_Records for the exercise_:
┄┄┄┄┄┄┄┄┄┄┄┄┄┄┄┄┄┄┄┄
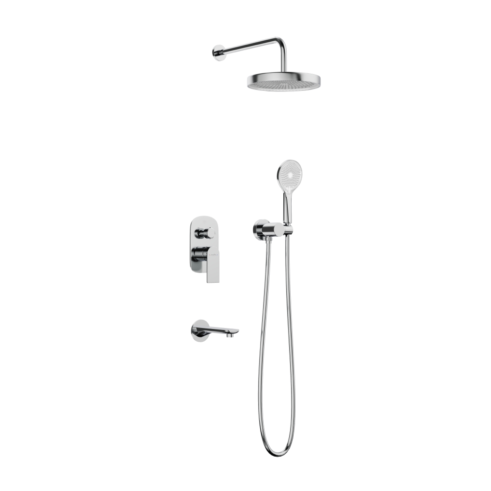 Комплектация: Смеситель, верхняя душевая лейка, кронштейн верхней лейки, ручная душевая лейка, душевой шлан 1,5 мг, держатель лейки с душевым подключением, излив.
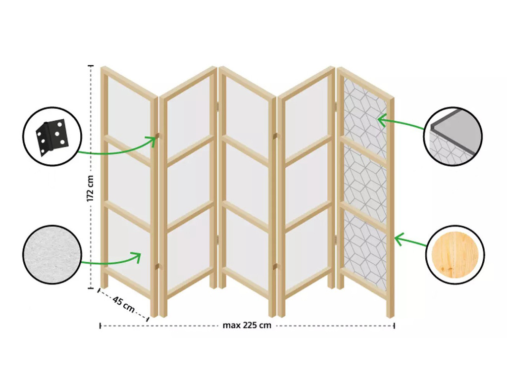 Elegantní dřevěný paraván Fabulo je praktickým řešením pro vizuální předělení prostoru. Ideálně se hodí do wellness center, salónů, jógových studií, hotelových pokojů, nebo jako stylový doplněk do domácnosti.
┄┄┄┄┄┄┄┄┄┄┄┄┄┄┄┄┄┄┄┄
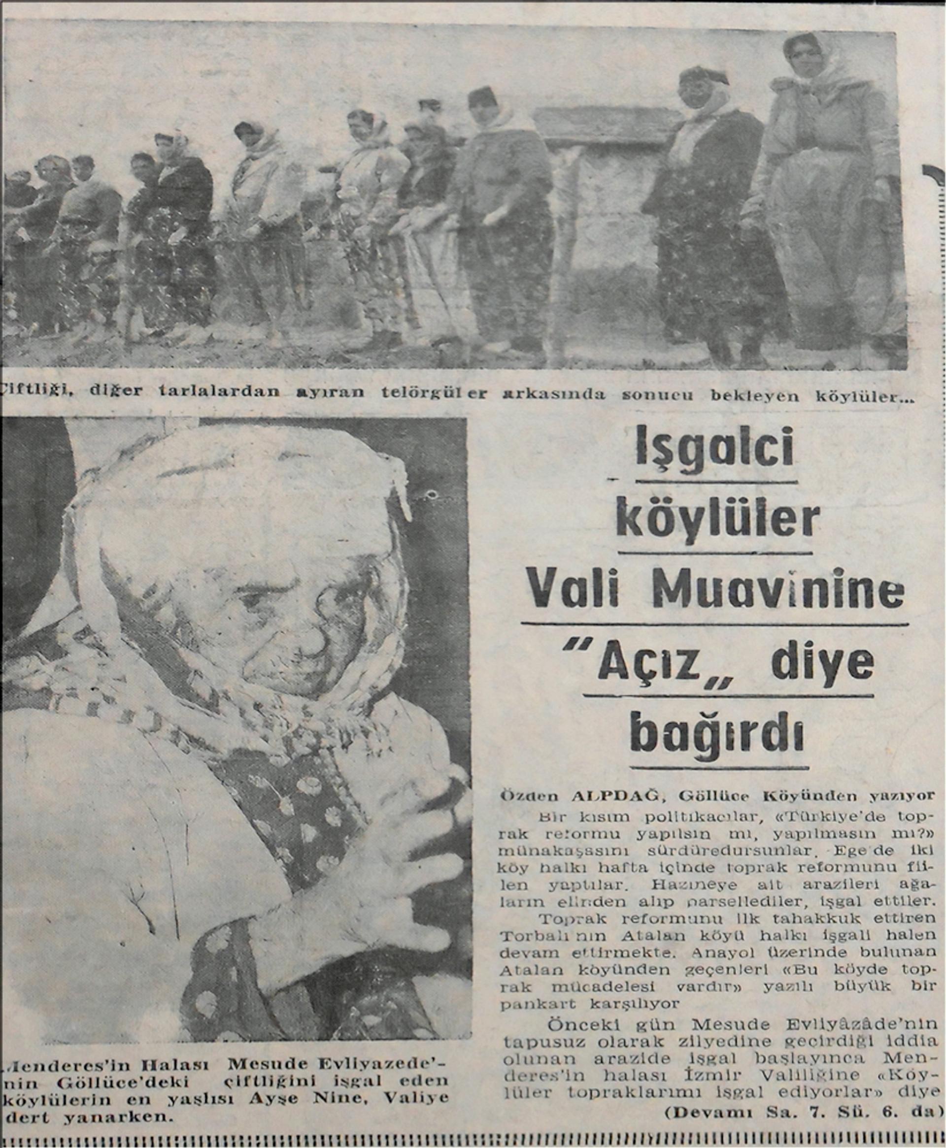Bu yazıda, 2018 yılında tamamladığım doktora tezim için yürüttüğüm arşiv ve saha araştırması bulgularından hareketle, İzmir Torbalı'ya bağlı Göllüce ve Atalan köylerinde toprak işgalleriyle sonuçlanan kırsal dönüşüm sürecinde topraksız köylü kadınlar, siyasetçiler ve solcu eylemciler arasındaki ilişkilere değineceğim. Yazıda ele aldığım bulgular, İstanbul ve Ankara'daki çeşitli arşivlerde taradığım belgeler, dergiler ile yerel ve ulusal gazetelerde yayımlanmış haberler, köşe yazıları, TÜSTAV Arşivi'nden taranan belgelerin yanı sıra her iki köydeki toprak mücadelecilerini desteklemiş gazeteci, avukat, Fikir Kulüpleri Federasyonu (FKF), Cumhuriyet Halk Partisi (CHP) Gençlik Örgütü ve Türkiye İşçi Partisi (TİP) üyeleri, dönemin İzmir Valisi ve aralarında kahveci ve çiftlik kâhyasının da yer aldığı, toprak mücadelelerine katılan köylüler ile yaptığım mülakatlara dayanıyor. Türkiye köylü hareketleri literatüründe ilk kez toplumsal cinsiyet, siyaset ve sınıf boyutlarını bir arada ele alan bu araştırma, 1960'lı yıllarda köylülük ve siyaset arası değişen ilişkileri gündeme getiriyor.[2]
┄┄┄┄┄┄┄┄┄┄┄┄┄┄┄┄┄┄┄┄
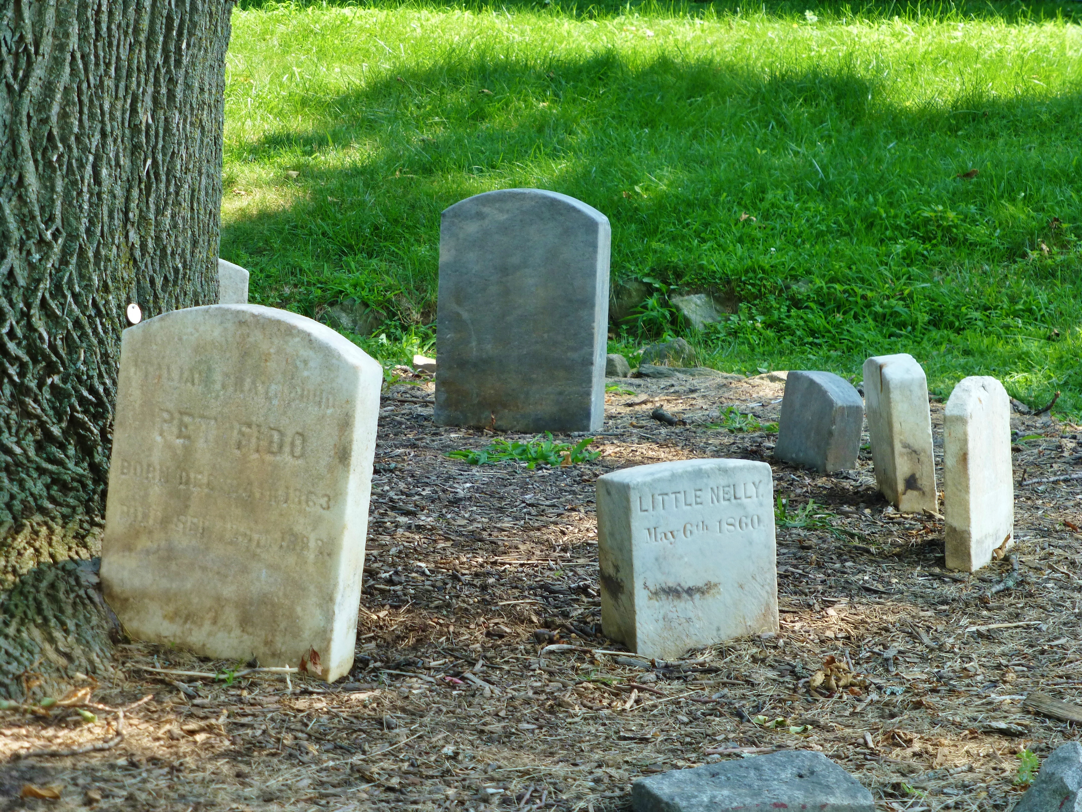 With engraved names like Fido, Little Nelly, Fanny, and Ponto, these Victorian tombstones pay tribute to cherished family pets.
┄┄┄┄┄┄┄┄┄┄┄┄┄┄┄┄┄┄┄┄
_Exercise brief_: Please return the data above exactly as it stands from the line with "Комплектация: Смеситель, верхняя" to the line with "Elegantní dřevěný paraván", keeping both of those lines but none of the pictures.

_Response below_:
 Комплектация: Смеситель, верхняя душевая лейка, кронштейн верхней лейки, ручная душевая лейка, душевой шлан 1,5 мг, держатель лейки с душевым подключением, излив.
 Elegantní dřevěný paraván Fabulo je praktickým řešením pro vizuální předělení prostoru. Ideálně se hodí do wellness center, salónů, jógových studií, hotelových pokojů, nebo jako stylový doplněk do domácnosti.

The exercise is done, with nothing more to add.